● **WORK TO BE COMPLETED**:
Would you return exactly the lines from the top of the data below through the one containing "Dwa pojedyńcze łóżka", leaving out the pictures?

● **DATA BELOW**:
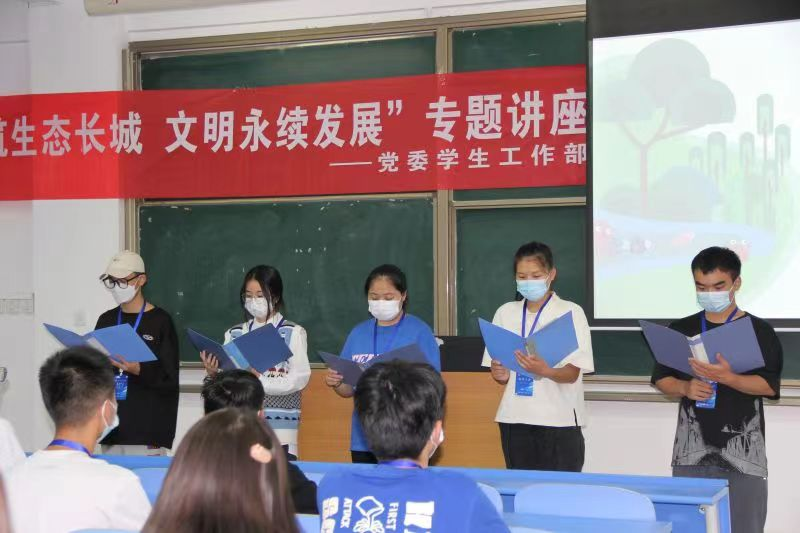 本场讲座由李卓聪同学担任主讲,他向我们阐述了在日常生活中采用节能、节水、环保、再生等绿色产品的重要性,积极引导各位同学努力提升校园绿化、美化、清洁化水平;同学们还自发组织了生态文明主题诗朗诵,发出从自身做起,从点滴小事做起,不剩饭不剩菜、主动关灯、清洁卫生的倡议。孙萌在讲话中表示,生态文明建设是关系中华民族永续发展的根本大计,作为青年学生要牢固树立社会主义生态文明观,推动形成人与自然和谐发展现代化建设新格局。
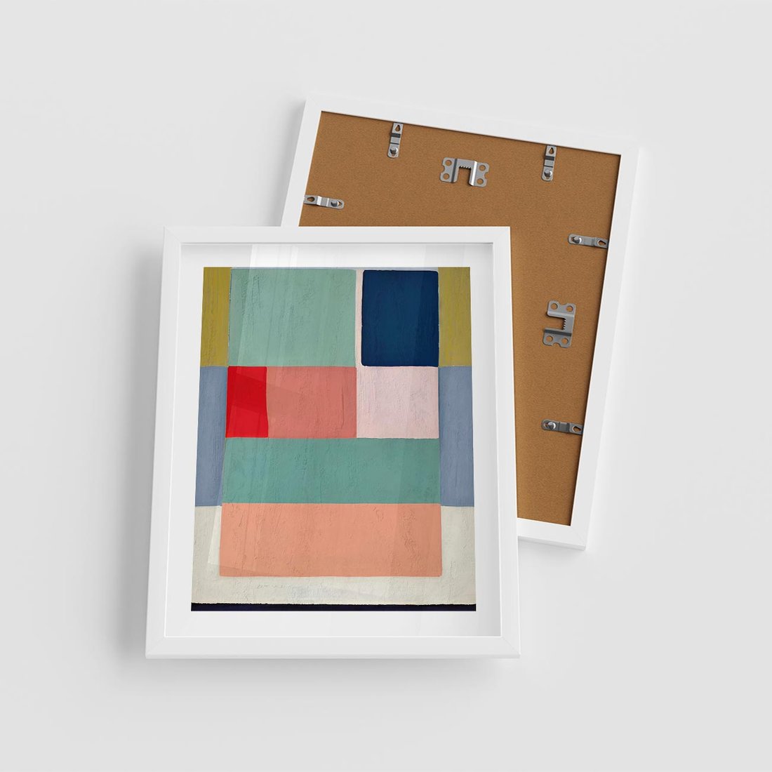 To olejny obraz o abstrakcyjnych geometrycznych kształtach, w których dominują pastelowe kolory. Prostokąty i kwadraty tworzą harmonijną kompozycję, która zachwyca swoją subtelnością i równowagą.
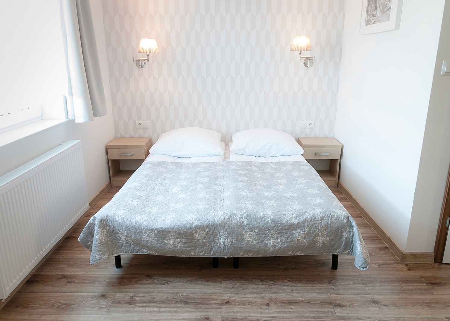 Dwa pojedyńcze łóżka z opcją złączenia w jedno. Wysokogatunkowa pościel.
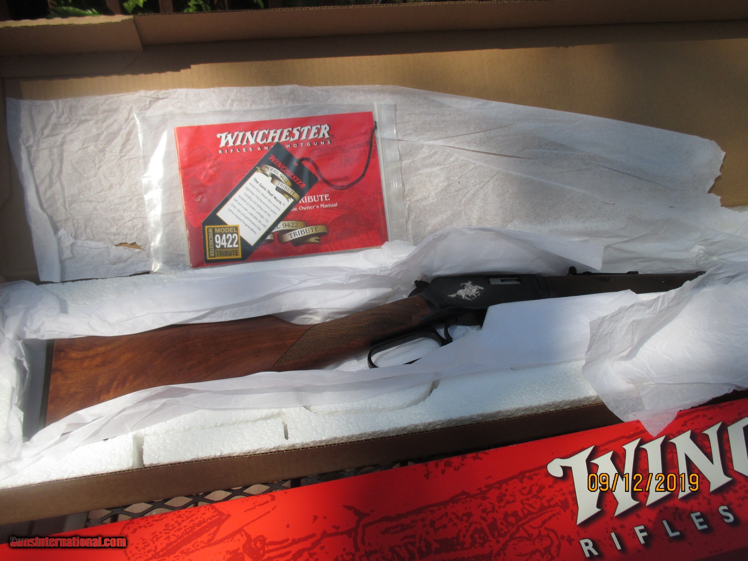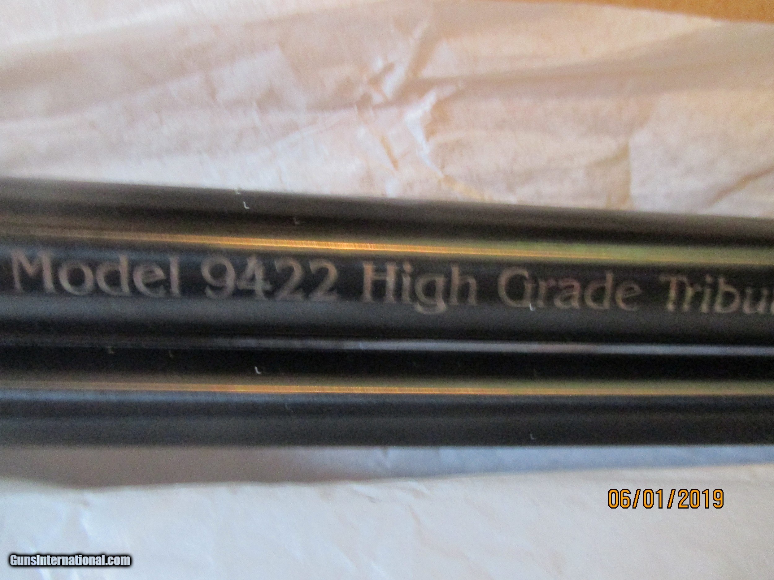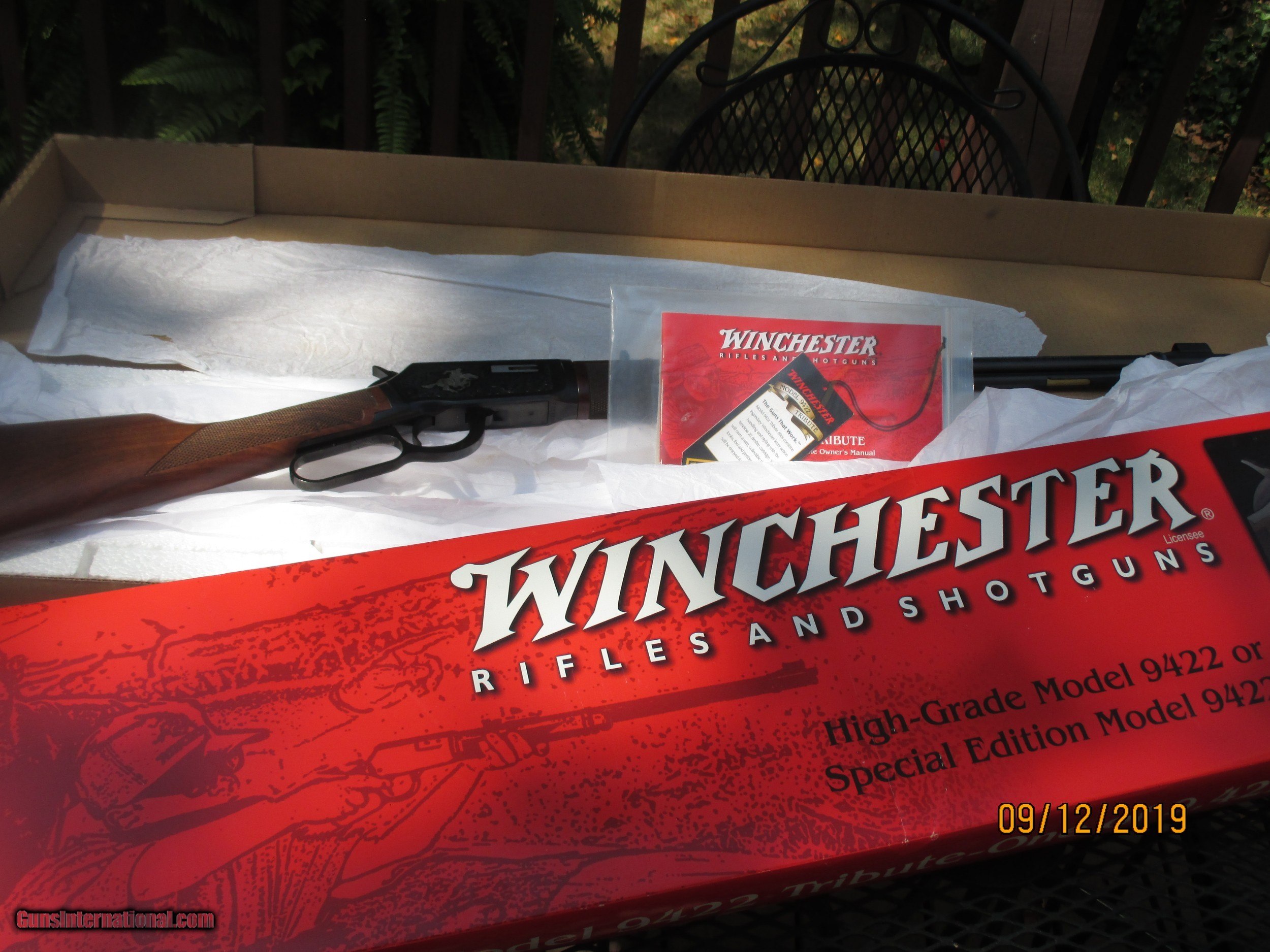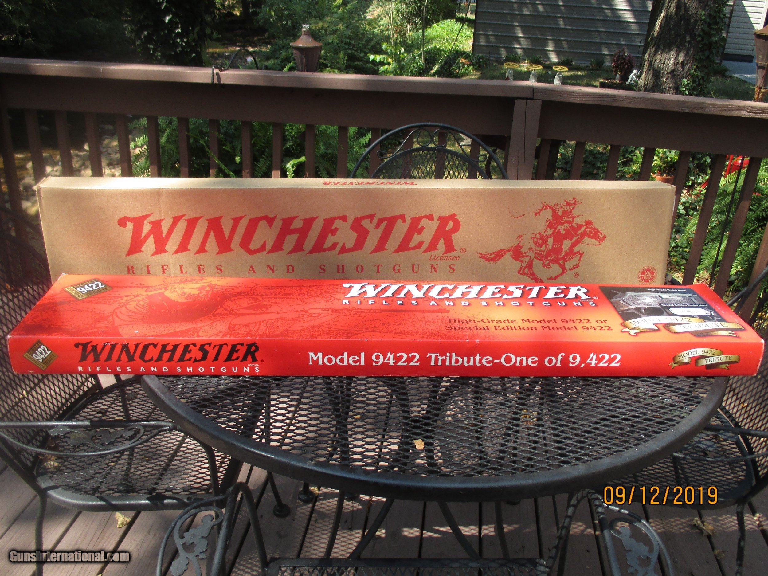 Description: Offered is another eye appealing Winchester lever action from New Haven, CT... This 15 year old special edition 9422 was made in very limited quantity of 9,422 units between 2205-2006...It is in NIB, Un-fired condition and comes with original paperwork and box... Beautiful deep bluing % checkered satin wood... Engraved silver inlays of Winchester's iconic horse& rider on one side and banner of "model 9422 Tribute" on the other. Would make a very nice rifle for your collection or a great christmas gift to that special person.$1875. SOLD Manufacturer: Winchester Model: 9422 Caliber Info: 22 Condition: new Metal Condition: excellent Wood Condition: excellent Bore Condition: excelletn Barrels: excellent Action: leaver |

● **SOLUTION FOR THIS PROBLEM**:
 本场讲座由李卓聪同学担任主讲,他向我们阐述了在日常生活中采用节能、节水、环保、再生等绿色产品的重要性,积极引导各位同学努力提升校园绿化、美化、清洁化水平;同学们还自发组织了生态文明主题诗朗诵,发出从自身做起,从点滴小事做起,不剩饭不剩菜、主动关灯、清洁卫生的倡议。孙萌在讲话中表示,生态文明建设是关系中华民族永续发展的根本大计,作为青年学生要牢固树立社会主义生态文明观,推动形成人与自然和谐发展现代化建设新格局。
 To olejny obraz o abstrakcyjnych geometrycznych kształtach, w których dominują pastelowe kolory. Prostokąty i kwadraty tworzą harmonijną kompozycję, która zachwyca swoją subtelnością i równowagą.
 Dwa pojedyńcze łóżka z opcją złączenia w jedno. Wysokogatunkowa pościel.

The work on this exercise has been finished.